Marseille capitale de la culture : un jackpot pour les artistes ?
La semaine prochaine, « Marseille Provence 2013 » passe son grand oral pour devenir « capitale européenne culturelle ». Précarisés mais invités à s'enthousiasmer, les artistes s'interrogent sur cette soudaine promesse d'un Eldorado économique…
Une enquête du Ravi, mensuel régional satirique qui squatte tous les mois Rue89 Marseille.

L'heure de vérité approche. Après la visite, le 3 septembre, d'une délégation européenne à Marseille, dix membres de la candidature provençale au titre de capitale européenne de la culture, dont Jean-Claude Gaudin, doivent se rendre le 15 septembre à Paris pour plaider leur cause face aux autres finalistes : Bordeaux, Lyon, Toulouse.
La machine à communiquer fonctionne à plein : chaque citoyen est appelé à soutenir le projet qualifié par la presse Hersant de « scintillant jackpot économique » (dans La Provence, le 17 août).
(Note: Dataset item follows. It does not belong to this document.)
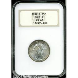 <B>1917-S<25C> Type One MS67 NGC.</B></I> Even though 443,000 more pieces were struck of the S-mint Type One than the D-mint, the S-mint is worth significantly more and is by far the most difficult of the three Type One issues to locate with full head detail. This coin has unusually attractive surfaces. It is matte-like over each side with an overlay of soft, frosted mint luster. The striking details are complete throughout and there are no mentionable abrasions on either side. Well balanced also, both obverse and reverse display light gray and golden toning. This really is quite a remarkable coin and should be closely examined by specialists in the series. Population: 1 in 67, 0 finer (7/04). <BR><BR><B>Important notice:</B> Heritage usually auctions material at the rate of 200-250 lots per hour. On some occasions eBay Live bid software or the Internet may not be able to keep up with the pace of the auction. We recommend placing a realistic absentee bid now as insurance to avoid disappointment. Occasionally the auctioneer may eliminate or reject an eBay Live bid, and the auctioneer may also reopen a lot after the close of the eBay live bidding (usually because we missed an audience bid), and may reject your bid even if it shows you as the winning bidder. By bidding via eBay Live, you agree that Heritage may award the lot to another bidder at its sole discretion under the circumstances described above or any other reasonable circumstances. Since eBay bids are not shown to us until we open the lot on the floor, we treat those bids just like floor bids. In most cases the floor responds before the eBay bid is presented to us, due to Internet lag time, so for consistency we have made it a policy that floor bids are always considered first over tie eBay live bids. Also please note that all Heritage lots purchased through eBay Live carry a 20% Buyer's Premium. Please make sure you read the Terms and Conditions before you bid. </span></font></tr></table></td></tr></table>

L'association Marseille Provence 2013 est présidée par Jacques Pfister, également patron de la Chambre de commerce et d'industrie.
« Un euro investi, cinq à six euros récoltés »
Il est donc beaucoup question d'argent dans cette affaire et des soixante-douze millions de recettes empochées par Lille en 2004. Dominique Vlasto, l'adjointe marseillaise chargée de la candidature, et du tourisme, est affirmative : « Pour un euro investi, ce sont cinq à six euros récoltés » (Marseille l'Hebdo, le 27 août).
Et les artistes ? Tous ne parviennent pas -les ingrats ! - à endosser avec enthousiasme la panoplie du parfait fan. « Je crains que cette candidature ne soit qu'un miroir aux alouettes dangereux », reconnaît Yves Fravega, délégué régional du Synavi.
Le Syndicat national des arts vivants, qui regroupe des compagnies indépendantes, a claqué la porte des entretiens de Valois initiés par la ministre de la Culture. Motif ? A quoi bon s'entretenir quand le désengagement permanent de l'Etat « jette nombre d'artistes dans l'impossibilité de continuer leur métier » ?
Yves Fravega dont une création de sa compagnie, L'art de vivre, a été labellisée « Marseille Provence 2013 », poursuit :
« Bernard Latarjet et son équipe, qui portent la candidature, n'ignorent pas nos problèmes, veulent un projet exigeant, pas forcément que des paillettes et de la poudre aux yeux. Mais on ne voit toujours pas poindre le signe d'une détermination politique claire dans cette ville pour la culture et ses artistes.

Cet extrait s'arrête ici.